- Directed by: Arun Vaidyanathan
- Written by: Arun Vaidyanathan
- Produced by: Arun Vaidyanathan Asma Hashmi Ananth Govinda P. Srinivasan Ramzan Lakhani
- Starring: Prasanna John Shea Sneha Akshaya Dinesh
- Cinematography: Chris Freilich
- Edited by: N. P. Sathish
- Music by: Karthik Raja
- Release date: 17 July 2009;
- Running time: 135 minutes
- Countries: India United States
- Languages: Tamil English

= Achchamundu! Achchamundu! =

Achchamundu! Achchamundu! (titled as I am Scared internationally) is a 2009 Indian-American social thriller directed by Arun Vaidyanathan, starring Prasanna, John Shea and Sneha. It is the first film in Indian cinema to be shot with the Red One camera system. The music was composed by Karthik Raja with cinematography by Chris Freilich. The film was released worldwide on 17 July 2009. The film features dialogues in both Tamil and English.

==Plot==
Senthil Kumar (Prasanna) and Malini (Sneha) are a happily married couple in New Jersey, living life like any other India-born immigrant couple in the USA. Senthil submerges himself in the office and eats sambar rice at home, and Malini never misses a bhajan at the temple and shops at Indian grocery stores. They have a 10-year-old daughter Rithika (Akshaya Dinesh), the apple of their eye (their car's license plate carries the name of their daughter).

The family has just settled in a new, spacious home about which Malini, understandably, has fears. The couple squabbles amicably about everything from Malini's perpetual laundry and cooking; while Senthil argues with friends about the significance of viboothi and takes his family on weekend trips and birthday parties. It is a normal, happy life in the US until Theodore Robertson (John Shea) arrives, to paint the basement. Now, things are never the same at home again.

Robertson's unusually kind behavior towards children sets off warning bells, especially when he is shown to be a pedophile who exercises like mad within the confines of his home, always moving on towards his next target. How the couple saves their child forms the rest of the story.

==Cast==
- Prasanna as Senthil Kumar
- John Shea as Theodore Robertson
- Sneha as Malini
- Akshaya Dinesh as Rithika
- Vasanth Santhosham as Ron
- Rick Pisarro as a police officer

==Production ==
The film's title is the negative of the phrase "Achamillai Achamillai" coined by poet Subramania Bharati, and later used as the title of a 1984 film directed by K. Balachander. The film was shot in New Jersey and New York with a cabin shoot happening near West Milford on 30 May 2008. Dheepa Ramanujam worked as an assistant director.

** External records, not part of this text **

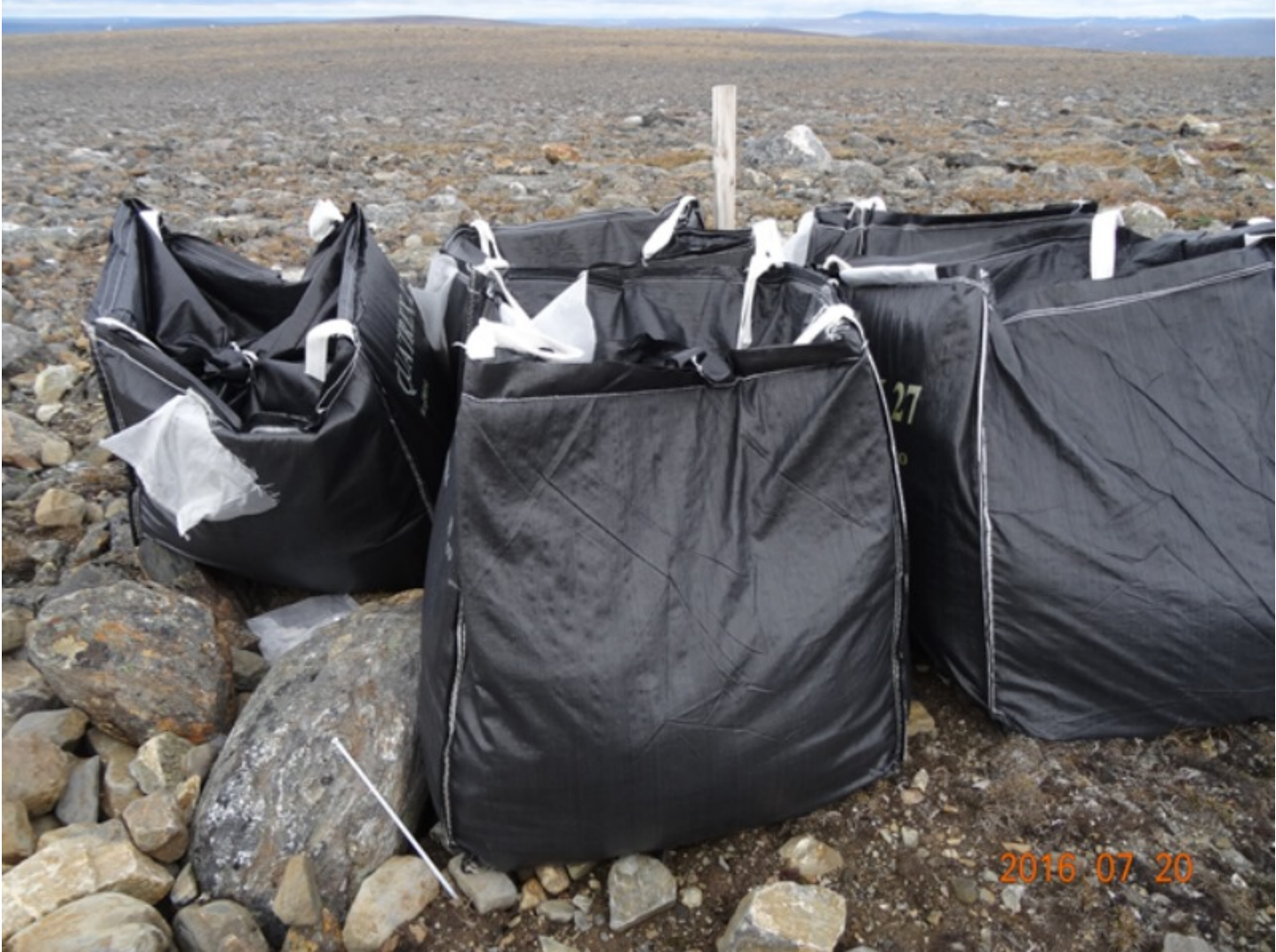
Figure 5 2013-145 - PHC soils
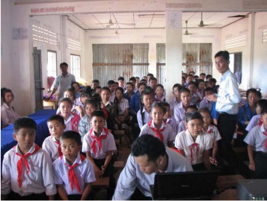
Students in the training in Daensavanh Primary School

Some snapshots took during the training:
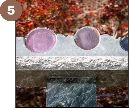
5 Glenn Zweygardt (NY) Verde Trilogy, 2023 Verde antique, granite, cast bronze and cast glass
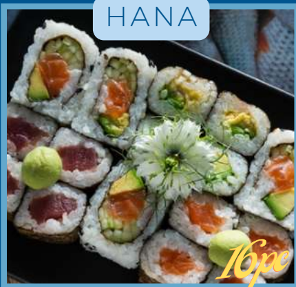
SALMON MAKI, TUNA MAKI, AVO MAKI, SALMON CALIFORNIA 205
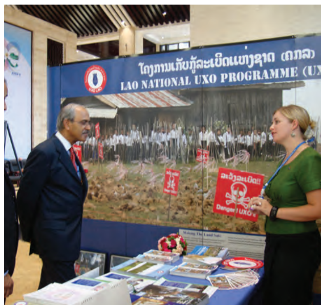
ASEM delegates from all over Europe and Asia visited the UXO Sector exhibition at the ASEM summit to learn about the UXO challenge in Lao PDR.

A strong presence at these high-profile international events ensured strong advocacy for the victims of UXO in Lao PDR and served to generate awareness of the ongoing challenges of UXO contamination for the people of Lao PDR.
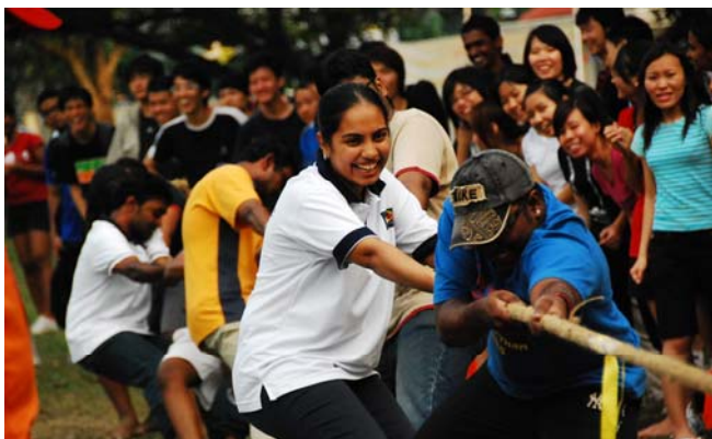
Pull...pull...pull... UTAR staff and students...having lots of fun.

The dexterity, swiftness, accuracy and physical power of some 700 UTAR students were put to the test at the UTAR Sports Carnival 2009 on 2 August 2009. The carnivals held concurrently at Kolej Tunku Abdul Rahman (KTAR) sports facilities in Kuala Lumpur and UTAR Perak Campus in Kampar comprised different teams competing in different categories.
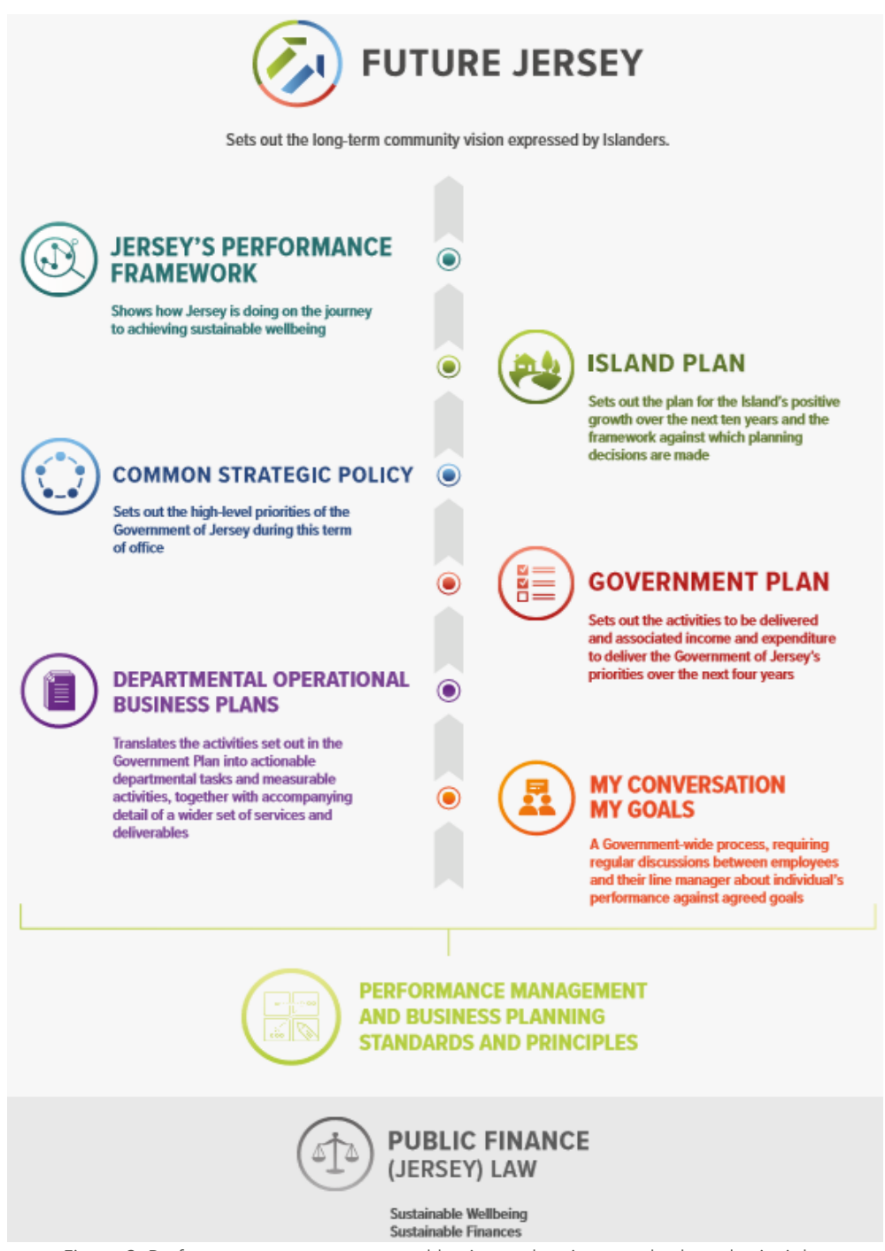
Figure 3: Performance management and business planning standards and principles

== Themes and influences ==
The film talks about various issues including pedophilia, the dynamics between a married couple, the lives of Indian Americans, and how "men are from Mars, women are from Venus".

==Soundtrack==
The soundtrack was composed by Karthik Raja.

| Song | Singers | Lyrics | Length |
| "U.S.A U.S.A" | Rahul Nambiar, Anupama, Krish | Palani Bharathi | 4.18 |
| "Kannil Dhaagam" | S. Sowmya | Andal Priyadarshini | 3.42 |
| "Parvai Vali Sumandhal" | Rahul Nambiar | 1.25 |
| "Theme Music" | Instrumental | - | 3.35 |

==Release==
The film was officially selected for screening at the 12th Shanghai International Film Festival (under the International Panorama category), the Digital Cinema Film Festival in Japan and the Cairo International Film Festival.

==Reception==
Rediff wrote "For the guts in coming up with a unique, important theme that needs to be addressed sensitively, this movie works. A must-watch". The Times of India wrote "The average Indian may shy away from paedophilia, but director Vaidyanathan makes a compelling case to watch this film. Subtlety is the byword here rather than gory, knife-edge moments. The approach makes a deeper impression than a dramatic one could have." A critic from Deccan Herald opined that "Despite its shortcomings, ‘Achamundu Achamundu’ deserves a dekko (watch)". Gauthaman Bhaskaran of The Seoul Times wrote, "Though “Achamundu, Achamundu” shows considerable restraint when it deals with paedophilia and murder, keeping the actual acts off screen, the film ends up compromising on the dramatic element. It remains pretty flat till about the last 15 minutes out of the total 90 minutes or so".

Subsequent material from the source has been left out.